Industrial manufacture of cigarettes has boosted the prevalence of smoking in epidemic fashion, reaching a prevalence of 50% or more in adult male populations in many countries.4–7 The trend in Finland has been broadly similar to that in other Western countries.8 The main exception is that Finland already had many cigarette factories back in the 19th century, which led to Finnish men consuming more factory made cigarettes than anywhere else at the beginning of the 20th century.9

The prevalence of smoking in the Finnish adult male population was close to 70% until the 1950s, subsequently declining to about 45% in 1965–70. In contrast, Finnish women smoked little; at the beginning of the 1960s the prevalence was 13%.10 From 1978 to 2001, male smoking declined from 36% to 29%, while female smoking increased from 17% to 20%.11,12

Nowadays, tobacco consumption in Finland is among the lowest in Europe.13 Antismoking activities in Finland began in the 1960s. In 1964 the National Board of Health published its first report, modelled on the US surgeon general’s report.14 In 1966 the Finnish Tobacco Committee proposed the restriction of both cigarette advertising and smoking in public places. In 1969 the tobacco industry voluntarily stopped advertising its products on television, and this was banned in 1970. The Second Tobacco Committee for pre-legislative work was nominated in 1972 and the Finnish Tobacco Control Act (TCA) was passed in 1976. The TCA prohibited smoking in most public places and on public transport, restricted tobacco advertising, and set a 16 year age limit for tobacco purchases. Manufacturers were obliged to include health warnings on tobacco packaging, and about 0.5% of tobacco tax revenue was allocated to tobacco control programmes and other health promotion initiatives. A total advertising ban was enforced in 1978.15–18

Tobacco excise taxes have been widely promoted as an effective tobacco control policy tool to encourage quitting, reduce consumption among remaining smokers, and decrease smoking initiation. Although tobacco prices in Finland were raised substantially in 1975–1976, subsequent annual increases have been either modest or negligible.19 Various other tobacco control policy measures were implemented during the 1980s. Prevention programmes started in the North Karelia project from 197220 gradually spread nationwide.
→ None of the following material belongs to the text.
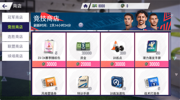 在商店中,可使用赛事获得的货币兑换赛季随机包、训练点、潜力激发手册等资源,助力球队阵容和战术升级。

Assessment of the effect of tobacco control measures on smoking prevalence requires that policy is analysed in the context of societal processes, together with detailed and comprehensive information on smoking trends. In principle, changes in daily smoking prevalence may arise either from periodical change or from disparate developments in successive birth cohorts. Rates of smoking initiation may vary, leading to persistent disparities in the proportion of ever smokers between birth cohorts. Such differences have been suggested by earlier Finnish studies. For example, the peak proportion of male ever regular smokers has been located in cohorts born in 1911–25, while the first female group to adopt smoking more widely appears to be those born during the second world war (in 1941–45).10,21,22 On the other hand, smoking cessation affects the proportion of daily smokers within each cohort.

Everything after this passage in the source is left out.